1. Ketentuan-ketentuan yang didapati dalam aturan hukum umum tetap berlaku, kecuali yang
diatur khusus dalam aturan hukum khusus tersebut;
2. Ketentuan-ketentuan lex specialis harus sederajat dengan ketentuan-ketentuan lex
generalis (undang-undang dengan undang-undang);
3. Ketentuan-ketentuan lex specialis harus berada dalam lingkungan hukum (rezim) yang
sama dengan lex generalis. Kitab Undang-Undang Hukum Dagang dan Kitab Undang-
Undang Hukum Perdata sama-sama termasuk lingkungan hukum keperdataan..

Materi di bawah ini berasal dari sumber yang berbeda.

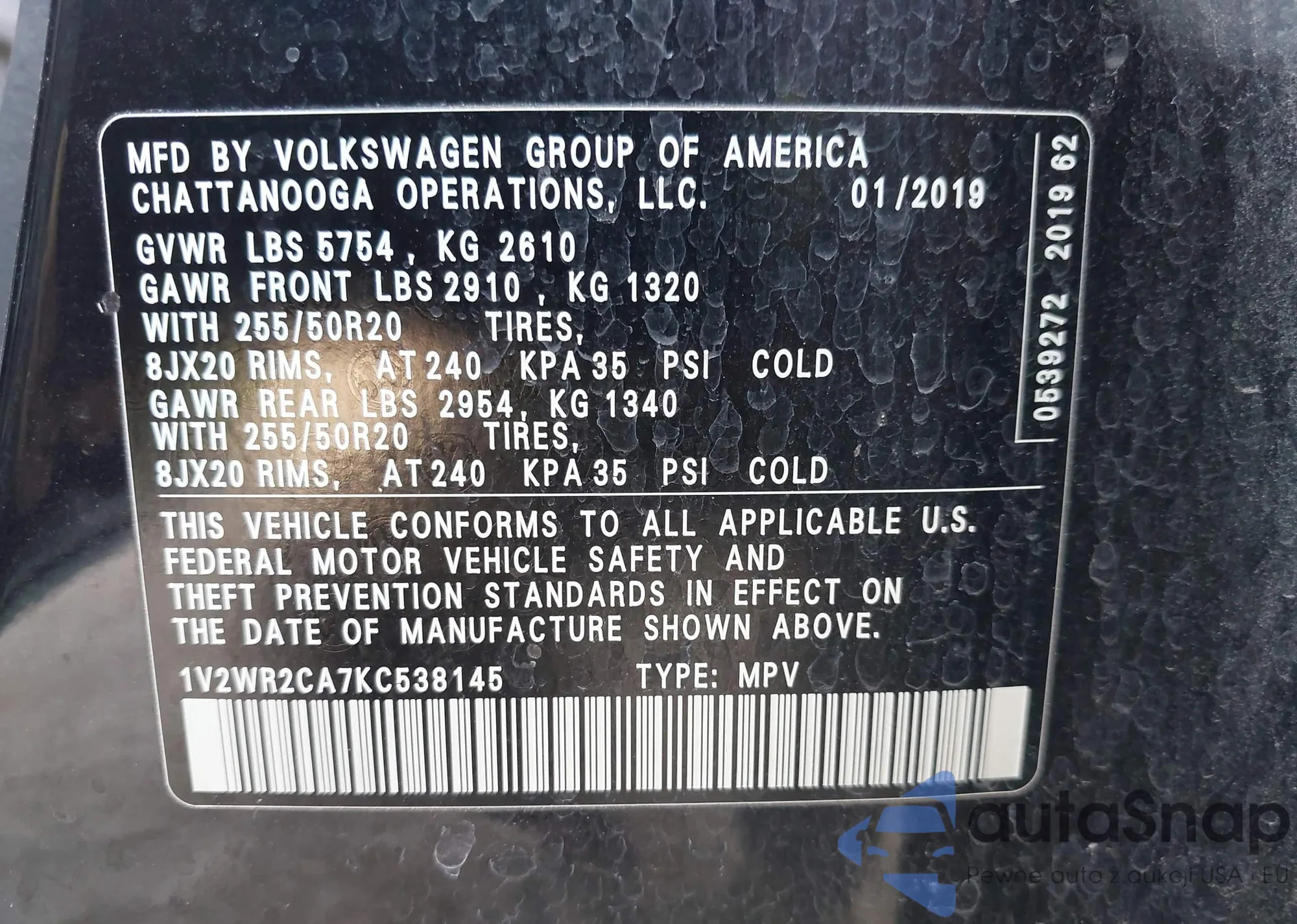 LOT: 43644872 VIN: 1V2WR2CA7KC538145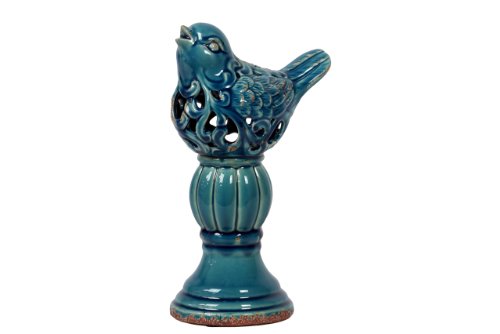 Urban Trends 10848-UT Decorative Ceramic Bird on Stand Antique Blue

Asas Lex Posterior Derogat Legi Priori yaitu pada peraturan yang sederajat, peraturan
yang paling baru melumpuhkan peraturan yang lama. Jadi peraturan yang telah diganti
dengan peraturan yang baru, secara otomatis dengan asas ini peraturan yang lama tidak
berlaku lagi.  Biasanya dalam peraturan perundangan-undangan ditegaskan secara ekspilist
yang mencerminkan asas ini. Contoh yang berkenaan dengan Asas Lex Posterior
Derogat Legi Priori : dalam Pasal 76 UU No. 20/2003 tentang Sisdiknas dalam Ketentuan
penutup disebutkan bahwa Pada saat mulai berlakunya Undang-undang ini, Undang-undang
Nomor 48/Prp./1960 tentang Pengawasan Pendidikan dan Pengajaran Asing (Lembaran
Negara Tahun 1960 Nomor 155, Tambahan Lembaran Negara Nomor 2103) dan Undang-
undang Nomor 2 Tahun 1989 tentang Sistem Pendidikan Nasional (Lembaran Negara Tahun
1989 Nomor 6, Tambahan Lembaran Negara Nomor 3390) dinyatakan tidak berlaku.

Asas Legalitas
Tiada suatu peristiwa dapat dipidana selain dari kekuatan ketentuan undang-undang pidana
yang mendahuluinya.” (Geen feit is strafbaar dan uit kracht van een daaran voorafgegane
wetteljke strafbepaling). asas legalitas yang mengandung tiga pengertian, yaitu:

1. Tidak ada perbuatan yang dilarang dan diancam dengan pidana kalau hal itu tidak
terlebih dahulu dinyatakan dalam suatu aturan undang-undang
2. Untuk menentukan adanya perbuatan pidana tidak boleh digunakan analogi (qiyas)
3. Aturan-aturan hukum pidana tidak berlaku surut.